_Data segment_.
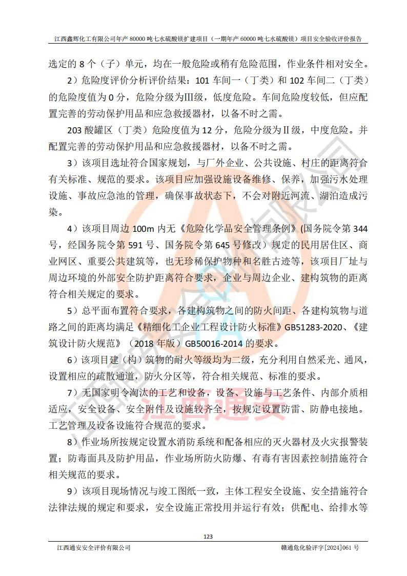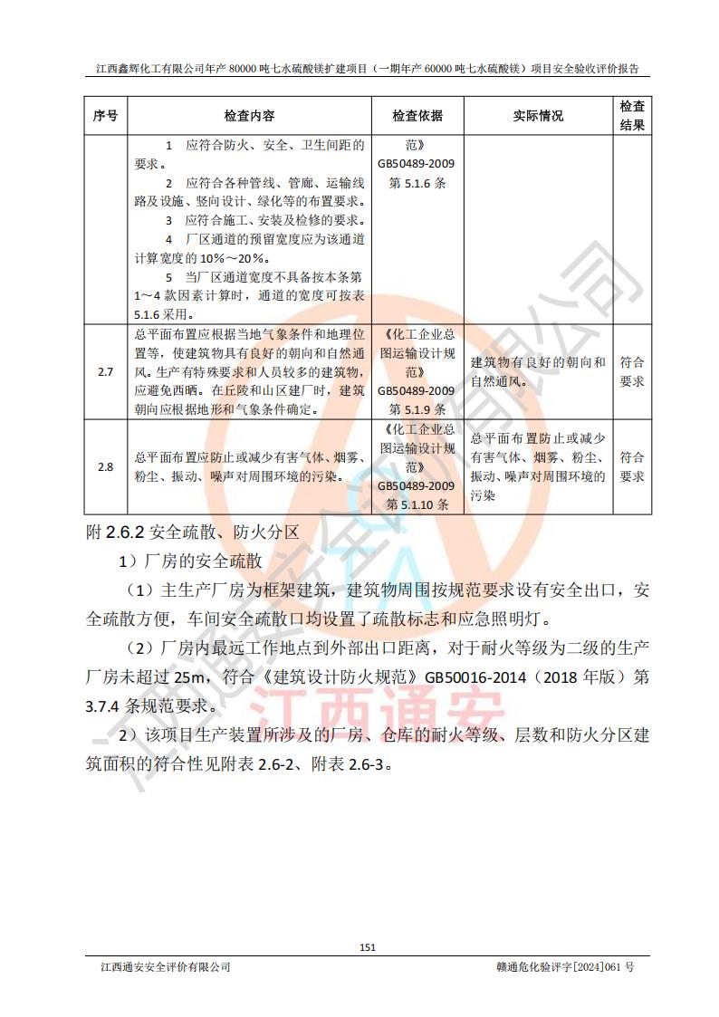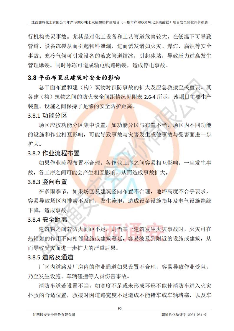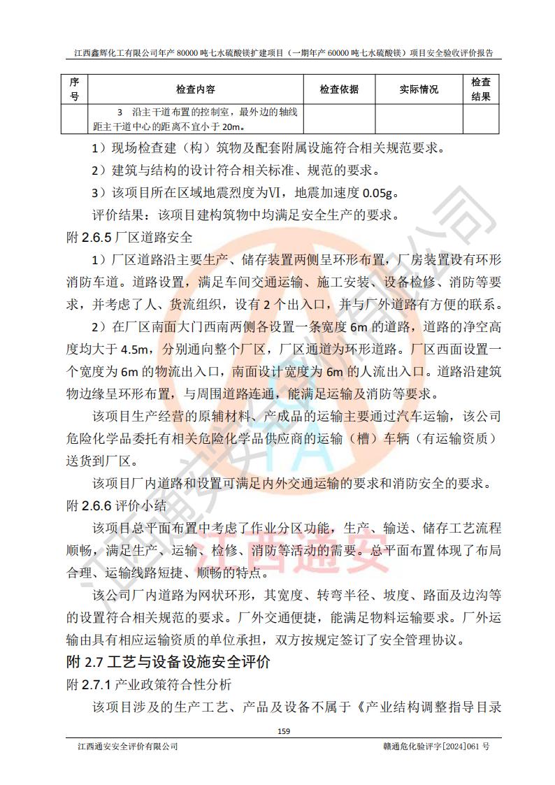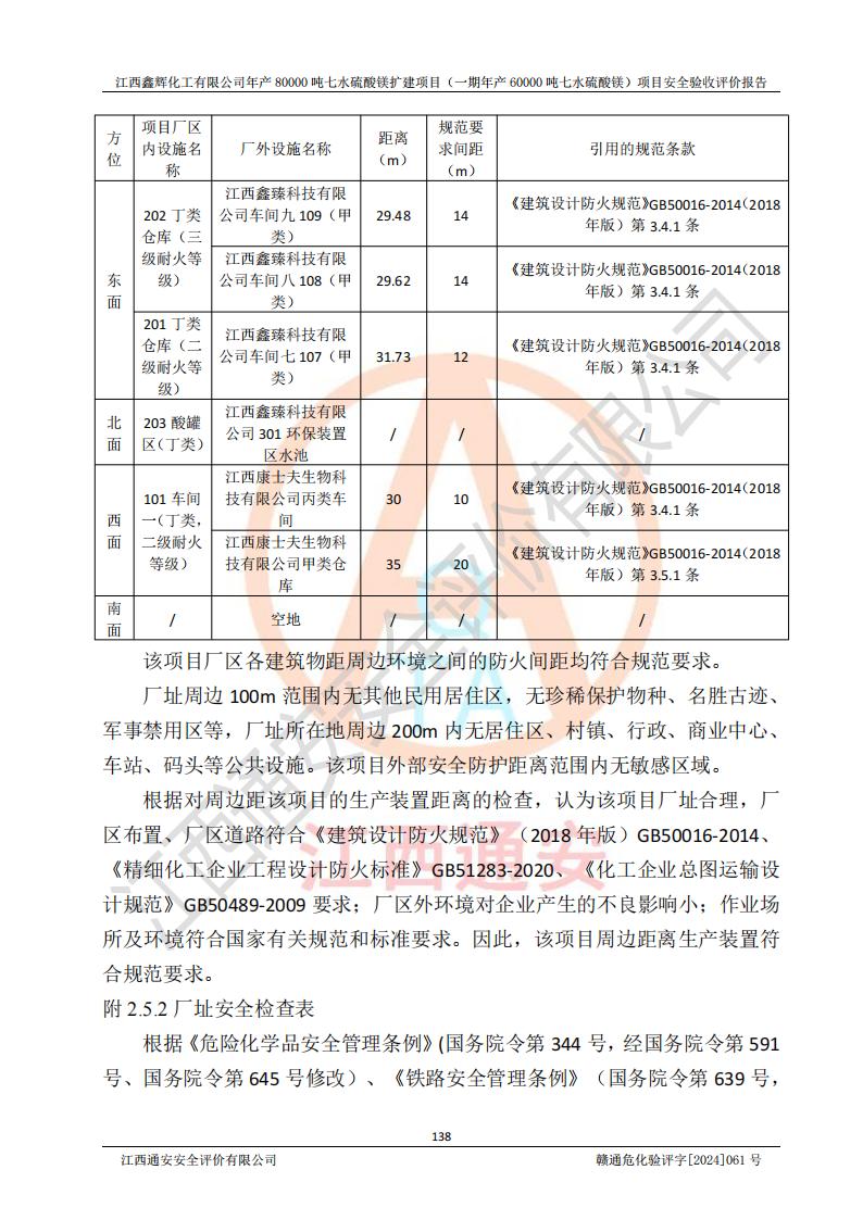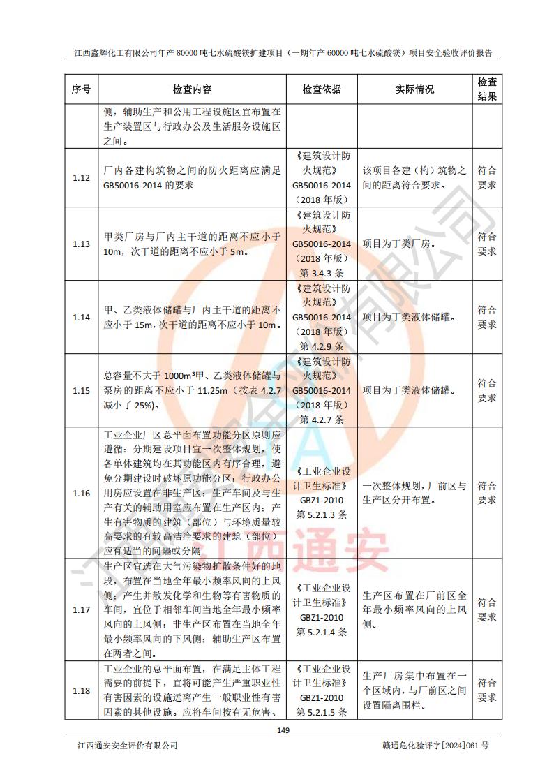 評價結論 | 1. 江西鑫輝化工有限公司年產(chǎn)80000噸七水硫酸鎂擴建項目(一期年產(chǎn)60000噸七水硫酸鎂)項目的安全設施與主體工程同時設計、同時施工、同時投入生產(chǎn)和使用,符合**有關建設項目“三同時”的規(guī)定和要求。 2. 江西鑫輝化工有限公司年產(chǎn)80000噸七水硫酸鎂擴建項目(一期年產(chǎn)60000噸七水硫酸鎂)符合新干縣鹽化工業(yè)城發(fā)展規(guī)劃的布局; 3. 該項目現(xiàn)場情況、企業(yè)總平面布置、設備設施的布置與設計圖、竣工圖紙一致,主體工程安全設施、安全措施符合法律法規(guī)的規(guī)定和要求,安全設施正常投用并運行**;供配電、給排水等公用工程及輔助設施滿足主體工程生產(chǎn)安全的需要;企業(yè)安全管理體系滿足生產(chǎn)安全的要求; 4. 總平面布置符合《建筑設計防火規(guī)范》GB50016-2014(2018年版)、《精細化工企業(yè)工程設計防火標準》GB51283-2020等標準、規(guī)范的要求; 5. 公司已針對本報告提出的安全隱患整改意見組織人員進行整改,整改措施已落實到位,企業(yè)安全生產(chǎn)的風險控制在可以接受的范圍內(nèi); 6. 該項目采用成熟的生產(chǎn)工藝和設備,本質(zhì)安全程度較高。 7. 綜上所述:本報告認為,江西鑫輝化工有限公司年產(chǎn)80000噸七水硫酸鎂擴建項目(一期年產(chǎn)60000噸七水硫酸鎂)項目的生產(chǎn)裝置現(xiàn)場情況與設計圖紙一致,安全設施及安全管理符合**及有關部門關于安全生產(chǎn)法律、法規(guī)、標準的要求,安全風險是受控制的,其風險程度是可以接受的,符合安全生產(chǎn)條件,能夠滿足安全生產(chǎn)的要求,具備安全設施“三同時”驗收條件。 | |||
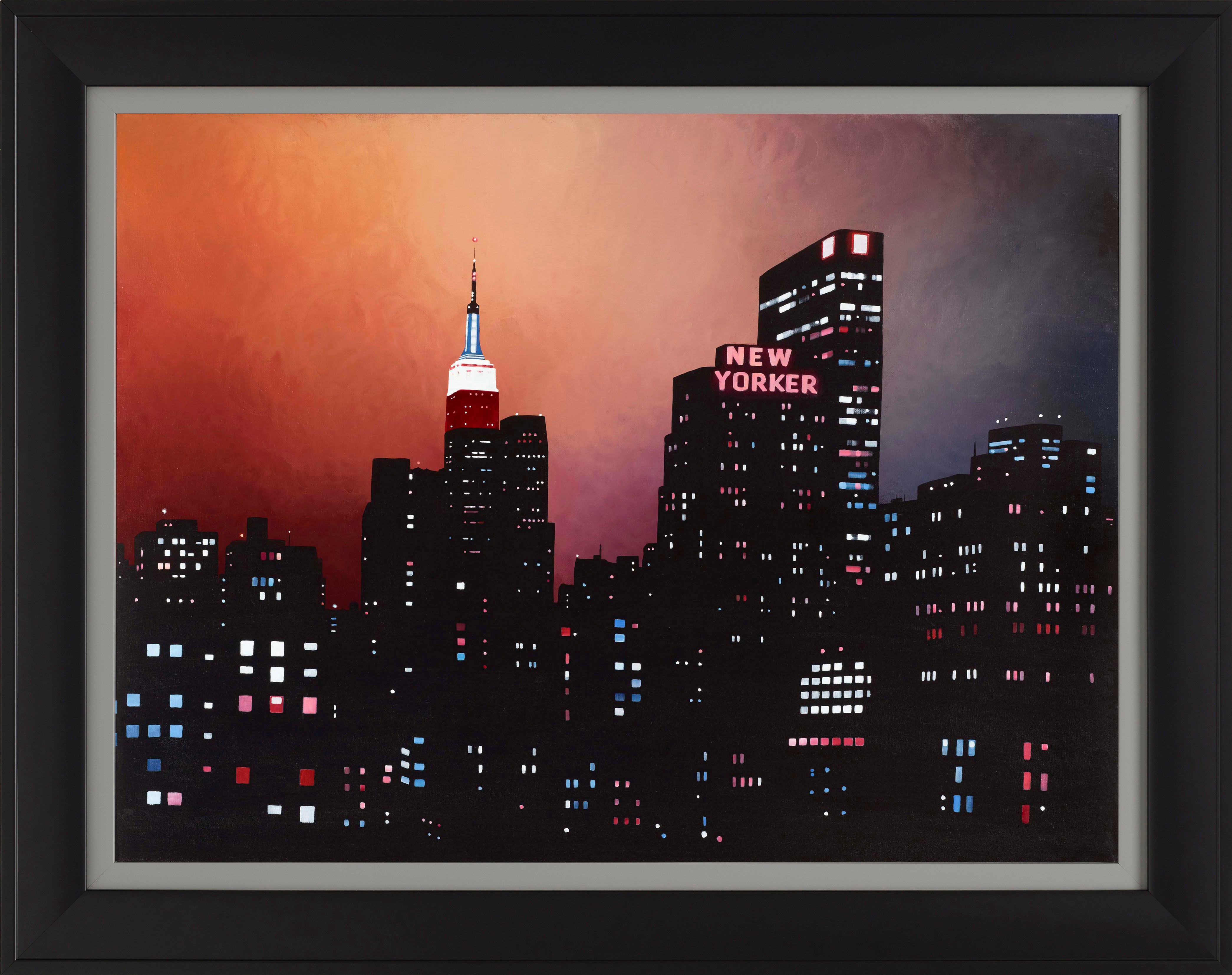 "I first created a moody, atmospheric sky and then painted a silhouette on top of this. I then only used the colours of the US flag, red, white and blue to suggest the buildings and create the twinkling lights of the New York." - Neil Dawson.
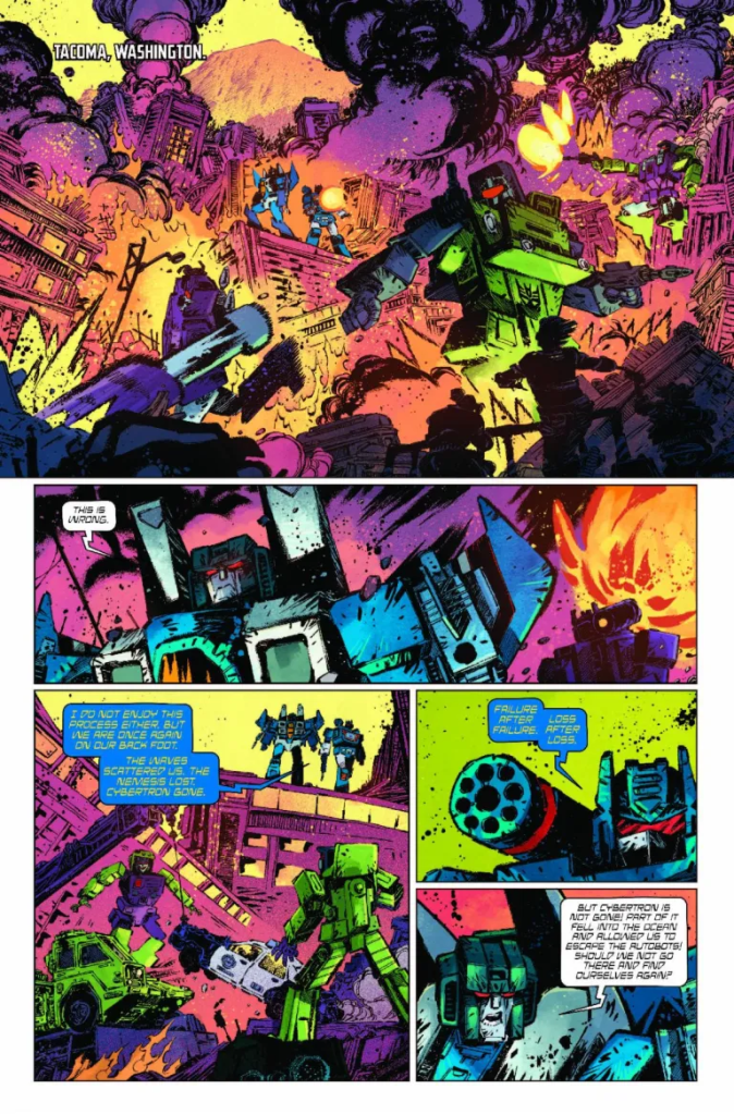 En este tercer arco asistimos a una acción desdoblada a múltiples frentes, consiguiendo que todas las tramas se desarrollen de forma estupenda, dejándonos con momentos de gran tensión. Porque el uso del cliffhanger es sin duda otra de sus grandes virtudes. Por un lado asistimos a la lucha por el control de los decepticons. Starscream y sus Combaticons se enfrentan a Soundwave y Devastator en una lucha que está destruyendo la ciudad de Seattle. Cogidos en el fuego cruzado, Optimus Prime intentará proteger a tantos humanos como esté en su mano.
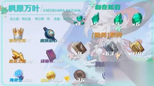 原神枫原万叶突破材料 突破材料: 1、自在松石系列:通过打无相之风掉落; 2、勤劳系列:棕色9本、银色63本、金色114本 3、鸦印系列:棕色36个、银色96个、金色129个; 4、海灵芝:168个

_What you have to do_.
What should appear is an exact reproduction of the lines from the one with "En este tercer" through the end of the material above, and no pictures.

_Response for this exercise_.
 En este tercer arco asistimos a una acción desdoblada a múltiples frentes, consiguiendo que todas las tramas se desarrollen de forma estupenda, dejándonos con momentos de gran tensión. Porque el uso del cliffhanger es sin duda otra de sus grandes virtudes. Por un lado asistimos a la lucha por el control de los decepticons. Starscream y sus Combaticons se enfrentan a Soundwave y Devastator en una lucha que está destruyendo la ciudad de Seattle. Cogidos en el fuego cruzado, Optimus Prime intentará proteger a tantos humanos como esté en su mano.
 原神枫原万叶突破材料 突破材料: 1、自在松石系列:通过打无相之风掉落; 2、勤劳系列:棕色9本、银色63本、金色114本 3、鸦印系列:棕色36个、银色96个、金色129个; 4、海灵芝:168个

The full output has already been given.